21st Feb2010

Social Media Sticky Behaviors – Google & Facebook

by Dorothy

One of the great things about digital is that it really helps to crystallize certain behaviors. This means visible, predictive intelligence online. One of the most sticky platforms still remains the ubiquitous Facebook, while Google is practically synonymous with search. While they both started off as very distinct entities, it seems that FB has evolved enough to actually start moving into the Search space.

Games

Ever contemplate disabling or deactivating your Facebook account? You know what is top of mind of users when they worry aloud in the FAQ section of FB about losing their data from Farmville (or any other FB game, really!). This, instead of losing all their friends and contacts. This was a few months ago, when Farmville concerns were right at the top of the discussion topics.

It will be interesting when the games and virtual goods segment in FB grows. The question then is how this will translate in markets like South Korea, where there is an entire virtual economy flourishing. It is also a market where other global players such as Myspace, Youtube and even Google have either had to bow out or simply be content with a smaller pie of the market share. Will FB finally have enough clout to go against the likes of Cyworld?

Another question is what happens when (and if?) app revenues surpass that of Facebook?

Zynga (creator of Farmville, Mafia Wars and etc) which has 230 million monthly active users was reported to have revenues of $200 million in 2009. The WSJ says Facebook revenues could hit $710 million in 2010, so there’s still some distance between the two figures. Still, if a fair percentage of return visits are due to the addictive FB games, it remains to be seen if the gap will narrow.

Facebook: Your One stop Internet Destination

You’ve seen the stats. Early 2009, Zuckerberg quipped the most overused quotable line about how “If Facebook were a country, it would be the eighth most populated in the world, just ahead of Japan, Russia and Nigeria.”

Then, he was talking about 150 million people. It is now 2010. Techcrunch reports that Facebook now has something along the lines of about 350 million registered users, with over 175 million of them logging in daily.

That’s a whole lot of visits, a whole lot of eyeballs, a whole lot of power.

Enough power to simply change the FB layout AGAIN without word or warning. I hated it, but have since gotten used to it, since there wasn’t anything much I could really do about it (deja vu?). Everyone seems to have gotten used to the fact that we are all experimental guinea pigs, sigh and get on with our lives. And we  still keep going back to the site.

And now, FB has its sights on Google, who apparently has 800 million visitors.

“According to Web measurement firm Compete Inc., Facebook has passed search-engine giant Google to become the top source for traffic to major portals like Yahoo and MSN, and is among the leaders for other types of sites.” – Source: SF Gate

You can also read more about how FB could kill Google here. The gist is that FB and Google are complementary for now (since FB is leading all those eyeballs to Google), at least, until unique visits for FB surpass that of Google. Microsoft last cut a (non exclusive)deal with FB in the last quarter of 2009 to include real time search results from status updates, but it remains unclear where FB may run with the search pie.

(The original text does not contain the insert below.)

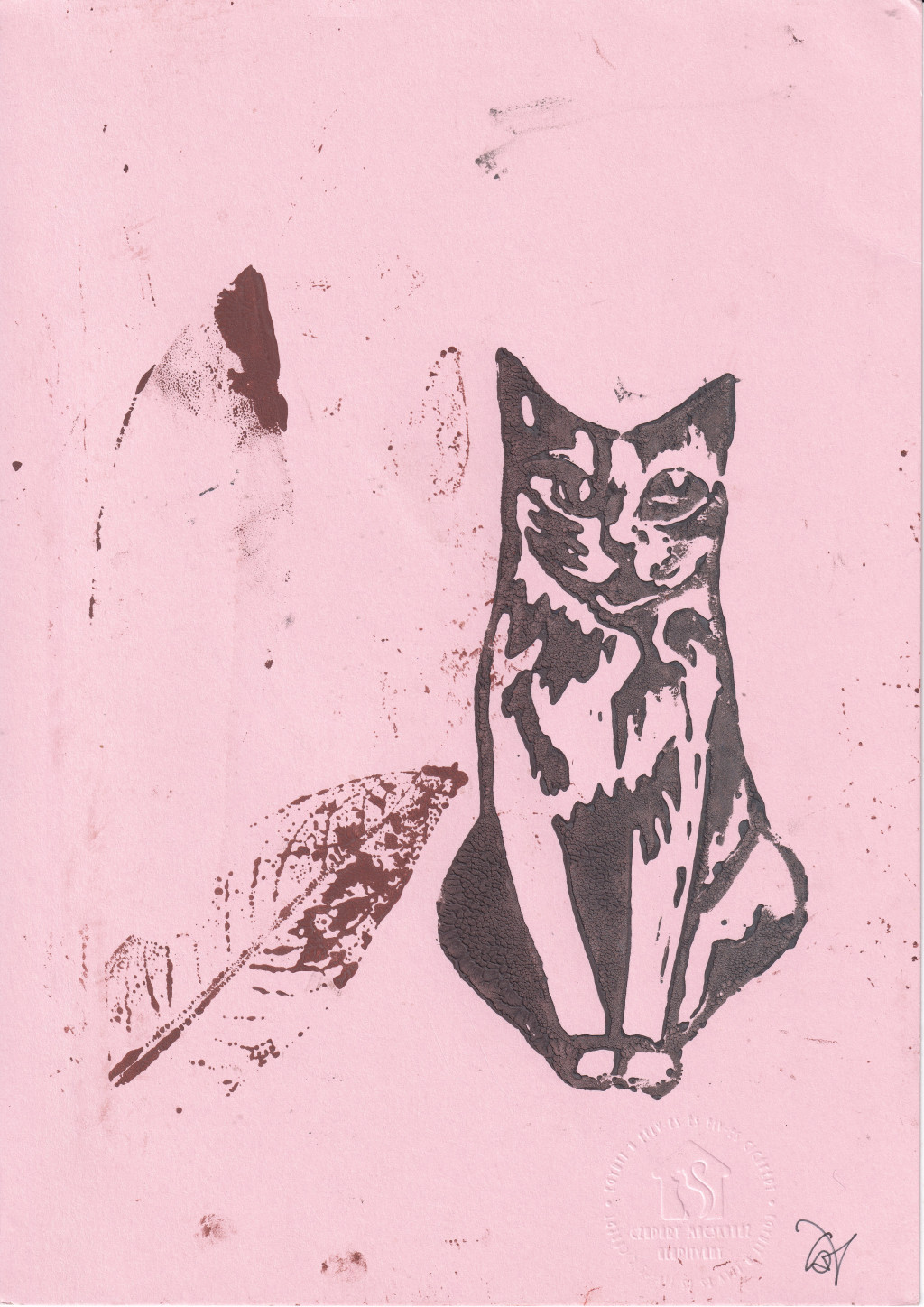 A Tamás, a macska 34 című monotípia, linómetszés a Nyomok a múltból, Final Show sorozat része, amelyet a macskasziluettek, mint rituális álarcok, maszkok jelképei ihlettek. A rituális álarcok és maszkok az átalakulás szimbolikus jelentésének hordozói, Veronika erre a problémára összpontosított a sorozattal. Fontos volt, hogy megtaláljon bizonyos örök formákat, amelyek nem sablonosak és közhelyesek de mégis kifejezik a macska lényegét. A monotípia, linómetszés két technika ötvözése, mely lehetővé teszi, hogy konzerválni tudja azt a lebegő, megfoghatatlan érzést, amelyet egy macska közvetít – a kép éles, de mégsem merev, dinamikus, és egy pillanat rögzítéseként figyelhető meg.
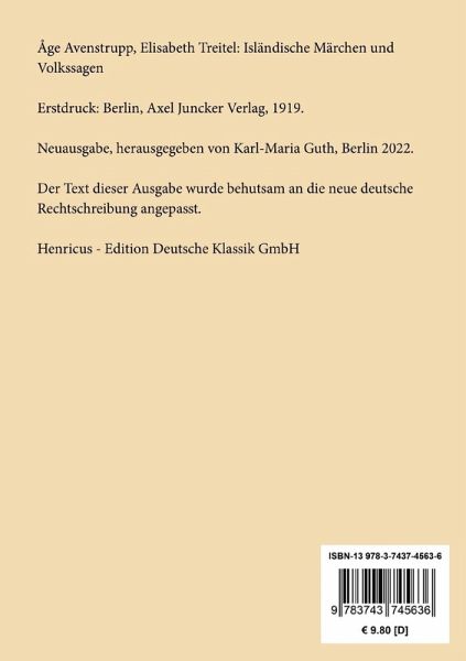 Åge Avenstrupp, Elisabeth Treitel: Isländische Märchen und VolkssagenErstdruck: Berlin, Axel Juncker Verlag, 1919.Neuausgabe, herausgegeben von Karl-Maria Guth, Berlin 2023.Der Text dieser Ausgabe wurde behutsam an die neue deutsche Rechtschreibung angepasst.Gesetzt aus der Minion Pro, 11 pt.Die Sammlung Hofenberg erscheint im Verlag Henricus - Edition Deutsche Klassik GmbH, Berlin

What are these sites to you?

Interestingly, at least for now, Google seems to resonate more with users in terms of the serious stuff – maps, translators, finance info, useful software like chrome/earth.. versus more of a slant towards entertainment and games on Facebook.

Many people still use the Google search bar as a place to type in URLs like Facebook.com (for reasons I can never fathom.. why they can’t type it directly into the actual URL bar is beyond me).

These results below do feature a bit on the importance of mobile as well – with the mobile related and FB lite mentions.

I’m still curious as to how all this will play out and how people will respond to all/any of these changes online… What will keep people coming back for repeat visits?  Also,  with all the talk on privacy and merging of identities on various platforms,  something to explore in future posts!

5 Responses to “Social Media Sticky Behaviors – Google & Facebook”

  • Just wanted to comment on the “entering search term instead of URL” part. Like “Facebook login” is the top related search for Facebook and I never get why people would search that!

    I even blogged about that sometime back and people actually reached my site searching for “Facebook login” – what’s up with that?!?!

  • Sometimes end up typing URLs into search bars on mobile devices where the distinction between the search bar and the web address bar aren’t present. I’m not sure if anyone else has the same issue.

  • @Daryl: beats me! why pple would search “Facebook search” is also odd because none of the results that come back are particularly useful ( to me at least)

    @Cullen: mmm i think some mobile devices won’t work like actual browsers, aka if you type in a search term in the url bar, it won’t work. (it really should though,would help loads)

  • I don’t think Google will go down to FB that easily. Alot of IM out there (including me) are still depending on Google to drive traffic and learning to pacify their search engine.